I’m delighted to see that the idea of large-scale tutoring to combat Covid-19 losses has gotten so important in the policy world that it is attracting scoffers and doubters. Michael Goldstein and Bowen Paulle (2020) published five brief commentaries recently in The Gadfly, warning about how tutoring could fail, both questioning the underlying research on tutoring outcomes (maybe just publication bias?) and noting the difficulties of rapid scale up. They also quote without citation a comment by Andy Rotherham, who quite correctly notes past disasters when government has tried and failed to scale up promising strategies: “Ed tech, class size reduction, teacher evaluations, some reading initiatives, and charter schools.” To these, I would add many others, but perhaps most importantly Supplementary Educational Services (SES), a massive attempt to implement all sorts of after school and summer school programs in high-poverty, low-achieving schools, which had near-zero impact, on average.

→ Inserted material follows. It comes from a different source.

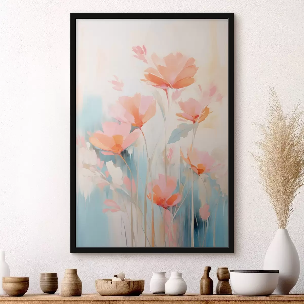 Poster Pastellfarbene Blumenkomposition in einem zeitgenössischen Malstil Nr f46930

So if you were feeling complacent that the next hot thing, tutoring, was sure to work, no matter how it’s done, then you have not been paying attention for the past 30 years.
But rather than argue with these observations, I’d like to explain that the plan I’ve proposed, which you will find here, is fundamentally different from any of these past efforts, and if implemented as designed, with adequate funding, is highly likely to work at scale.
1. Unlike all of the initiatives Rotherham dismisses, unlike SES, unlike just about everything ever used at scale in educational policy, the evidence base for certain specific, well-evaluated programs is solid. And in our plan, only the proven programs would be scaled.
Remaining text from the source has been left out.